June: The Time Keeper by Mitch Albom
Father Time is a familiar figure in pop culture, but this novel actually follows his origin, punishment, and subsequent quest involving time. Dor is a normal man living 6000 years in the past, he is extremely intelligent and takes up the hobby of measuring anything and everything. Unfortunately, this hobby gets him into trouble when he accidentally discovers time and how to measure it. After he loses a loved one and curses God, God punishes him. After 6000 years he is sent on a quest to save a young woman who wants less time and an old man who wants more time. This is a fable, like so many of Albom’s other works, and teaches the lesson of not wishing away your time. This is a rather sobering novel, but it does have an uplifting ending so I recommend this to anyone who is in need of some self-reflection. Rated 3.5/5 bookmarks.

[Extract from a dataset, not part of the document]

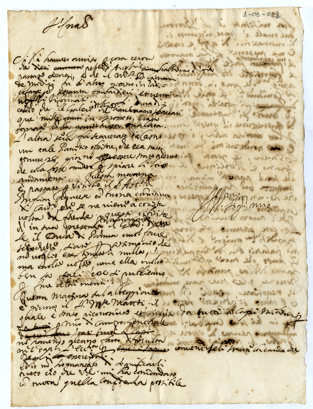 Minuta di lettera scritta da Malatesta Albani con varie notizie

July: Nimona by Noelle Stevenson
This colorful and fun graphic novel follows side-kick wannabee Nimona, who is an ambitious and impulsive shapeshifter with a knack for villainy. Her boss, Lord Ballister Blackheart, holds a serious vendetta against Sir Ambrosius Goldenloin, a seemingly perfect hero. Together as sidekick and supervillain, Nimona and Lord Blackheart work together to play mildly harmful pranks on the knights of the kingdom. However as small acts of mischief escalate into a vicious battle, Lord Blackheart realizes that Nimona’s powers are as murky and mysterious as her past and ambitious and reckless nature may be more dangerous than he is willing to admit. This is a hilarious and surprisingly complex story about friendship, the danger of a lie, magic, and science. I strongly recommend this to any teens who play D&D as this falls excellently into that universe. Rated 4.5 /5 bookmarks.
August: The Secret Life of Bees by Sue Monk Kidd
This is a very interesting novel as it is a coming of age novel set in the back-drop of the Civil Rights movement of the 1960s in Southern America. The main character Lily lives in Southern Carolina with her abusive father, T. Ray, and her maid/surrogate mother, Rosaleen. Lily believes that she killed her mother Deborah when she was 4 during an argument between her parents when Deborah was attempting to leave T. Ray. During the beginning of summer Rosaleen attempts to register to vote in town, but instead is forced to defend herself against three racist men and is thrown into jail. Pushed by this and the abuse she has suffered, Lily springs Rosaleen from jail and they flee to Tiburon, South Carolina, the only clue Lily has of Deborah’s past life. There they meet the Boatwright sisters, a trio of eccentric, African-American, bee-keepers and are taken into their lives. I remember reading this during the summer of my sophomore year and loving it. The story is so warm and inviting, like a cozy sun patch to take a nap in. There are themes of religion, motherhood, and the complexity of people. The book itself is a very easy read, and I’d recommend it to anyone looking for a book to read that has a sweet story mirrored with historical ideas. Rated 4/5 bookmarks.